Here’s where blockchain, if it’s as capable as its developers claim, can play a key role in furthering progress toward an orchestrated, flexible grid. Blockchain thrives in systems with many intersections and many participants. The association with cryptocurrencies leads most often to a focus on financial transactions such as energy trading at these intersections but in a complex energy system many of the intersections are among subsystems, where value is found in the secure exchange of data, the registering of assets on a distribution grid, or the trusted recording of generation or consumption data to a shared database.

When you think of the flexible grid and the markets that rise up because of it, one thing stands out — there are a lot of intersections and a lot of transactions to be made. Envisioning the emergence of distribution-level energy markets, where homes and business make price-responsive energy decisions throughout the day, the volume of these transactions is orders of magnitude larger that today.

Consumers may have multiple systems and devices with the ability to dispatch supply (residential batteries or electric vehicles) or control demand (smart thermostats or water heaters), all requiring documentation, verification and financial settlement. Commercial and industrial customers will have similar options at scale, while others may operate microgrids that can provide grid services on top of local reliability. Looking at recent news around virtual power plants it’s clear the business model around recognizing the value in aggregated DERs is arising.

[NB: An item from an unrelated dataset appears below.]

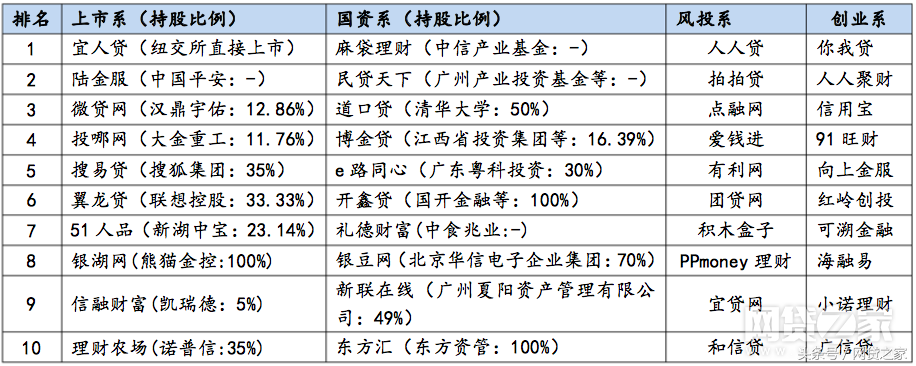 2017年8月“上市系、國資系、風投系、創業系P2P平臺TOP10”(點擊圖片查看大圖)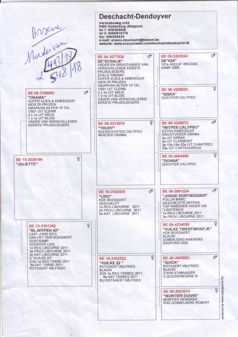 Gekweekt in de Lisseweegse polders met als vader een duiver van Peter Bours en als moeder een duivin van Deschacht - Denduyver .

Blockchain’s long-term promise rests in three features:

For each of these features there are clear examples of where it is successfully operating today, and examples of how that feature is either not as secure as claimed or not as scalable. This has kept the market in check this past year, as utilities take baby steps in trialing, or in some cases limit their involvement to applications like REC origination, validation and settlement. In these cases, blockchain does not necessarily create anything new, but introduces operational efficiencies in the complex process and appears to be gaining traction.

Other trials continue to focus on peer-to-peer energy trading, often within local communities or organizations to monetize excess generation from distributed energy systems. Again, these appear to be working, but for most major markets the potential to scale is contingent on fundamental rules around utility services being rewritten. That feels like a long wait, especially in the U.S.

Which brings me back to the grid edge. Back in 2013 when we coined the term, we said “change begins at an edge” and characterized the space as one in the midst of a profound transition. Today we think the vision of where that transition is taking us is becoming clearer: the flexible grid. The opportunity to play a critical role in enabling this next phase of the energy system’s evolution is surely massive.

The disrupter doesn’t need to be a technology; in this case it’s all of us making energy decisions every day. What’s needed next are the tools to build it. The questions that will be answered soon are whether blockchain is one of those, and to what extent it’s the best tool for the job of providing the value-transfer layer that underpins the flexible grid of the future.